Sozialamt und Immobilie: Wann das Haus geschützt bleibt

Das selbst bewohnte Haus ist Schonvermögen, Geld nur bis 10.000 Euro je Person. Wann der Sozialhilfeträger zugreift, wann Erben zahlen, wann Schenkungen zurückmüssen.

Hendrik StotzAktualisiert am 8. August 20269 Min. Lesezeit

Das Wichtigste in Kürze

  • 10.000 Euro Geldvermögen bleiben geschützt: Je volljähriger leistungsberechtigter Person, dazu 500 Euro je überwiegend unterhaltener Person (Verordnung zu § 90 Abs. 2 Nr. 9 SGB XII).
  • Keine Quadratmetergrenze in der Sozialhilfe: § 90 Abs. 2 Nr. 8 SGB XII nennt sieben Merkmale statt einer Zahl. Die festen 140 und 130 Quadratmeter stehen im SGB II.
  • Zehn Jahre ab der Übertragung: Die Rückforderung ist ausgeschlossen, wenn bei Eintritt der Bedürftigkeit seit der Leistung des Geschenks zehn Jahre verstrichen sind (§ 529 BGB).
  • Die 100.000 Euro schützen nur vor Unterhalt: § 94 Abs. 1a SGB XII gilt für Unterhaltsansprüche gegen Kinder und Eltern, nicht für die Rückforderung eines Geschenks.
  • Nach dem Tod haftet der Erbe: Bei Hilfe zur Pflege ersetzt er die Kosten der letzten zehn Jahre mit dem Nachlasswert (§ 102 SGB XII), bei Grundsicherung im Alter nicht.
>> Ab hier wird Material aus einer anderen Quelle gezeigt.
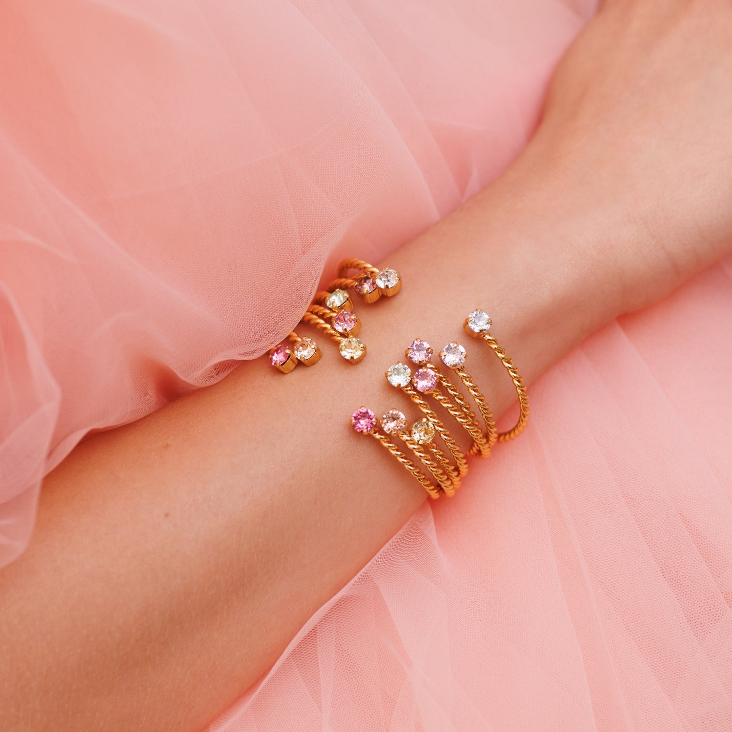 Låt oss introducera vårt Mini Twisted Bracelet, ett måste i din smyckessamling! Det tunna vridna armbandet med kristaller på varje sida kommer att få vilken outfit som helst att glittra med sin nätta och eleganta design. Bär Mini Twisted Bracelet ensamt eller matcha med andra favoriter för ett perfekt “bracelet stack”.

Das Sozialamt greift erst zu, wenn Sozialhilfe beantragt wird. Ein angemessenes, selbst bewohntes Hausgrundstück ist nach § 90 Abs. 2 Nr. 8 SGB XII geschütztes Vermögen, Geldvermögen nur bis 10.000 Euro je volljähriger Person. Die Kosten der Hilfe zur Pflege holt der Träger später vom Erben, die der Grundsicherung nicht.

Wann darf das Sozialamt überhaupt auf die Immobilie zugreifen?

Der Zugriff hat einen einzigen Auslöser: einen Antrag auf Sozialhilfe nach dem SGB XII. Bis dahin prüft niemand das Grundbuch. Dann gilt § 90 Abs. 1 SGB XII: „Einzusetzen ist das gesamte verwertbare Vermögen.“ Verwertbar heißt nicht verkäuflich, auch Vermietung und Beleihung zählen. Ist der sofortige Verbrauch nicht möglich oder eine Härte, soll die Hilfe nach § 91 SGB XII als Darlehen fließen; die Rückzahlung kann der Träger dinglich oder auf andere Weise sichern lassen. Die Pflegekasse prüft dagegen nichts: Ihre Leistungen gibt es nach § 33 SGB XI auf Antrag und mit Vorversicherungszeit. Erst die aufstockende Hilfe zur Pflege nach § 61 SGB XII ist bedürftigkeitsabhängig. Was ein Heimplatz kostet, steht im Beitrag Pflegeheim: Muss das Haus verkauft werden?

Welche Immobilie ist Schonvermögen und welche nicht?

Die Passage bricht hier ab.